(Beginning of Exercise materials)
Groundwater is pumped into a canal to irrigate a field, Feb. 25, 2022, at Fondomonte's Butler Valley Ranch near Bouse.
(End of Exercise materials)
(Beginning of Exercise materials)
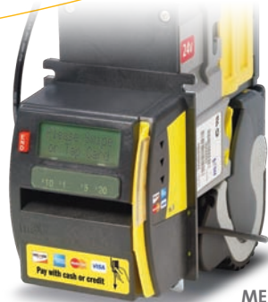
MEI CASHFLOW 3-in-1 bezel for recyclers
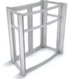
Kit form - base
(End of Exercise materials)
(Beginning of Exercise materials)
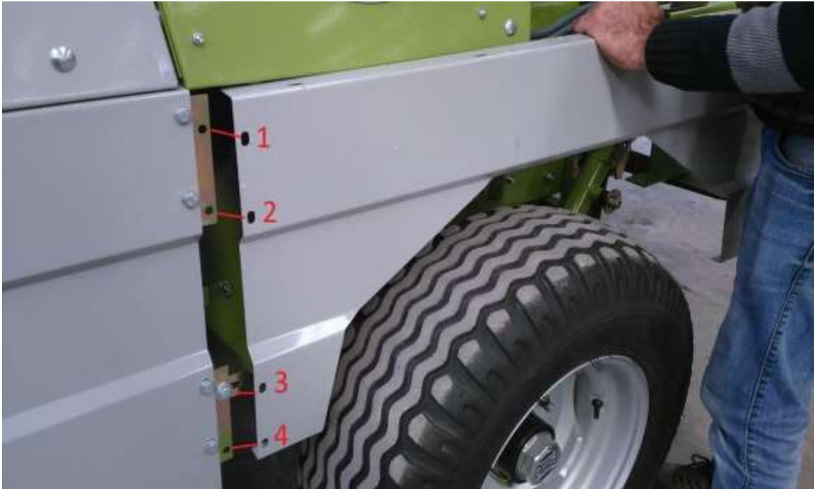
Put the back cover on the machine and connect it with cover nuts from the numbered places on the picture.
(End of Exercise materials)
# [What this task involves]
Beginning with the line holding "MEI CASHFLOW 3-in-1 bezel for recyclers" in the material above, restate word for word each line through the line holding "Kit form - base", and exclude pictures.

# [Solution to the exercise]
MEI CASHFLOW 3-in-1 bezel for recyclers
Kit form - base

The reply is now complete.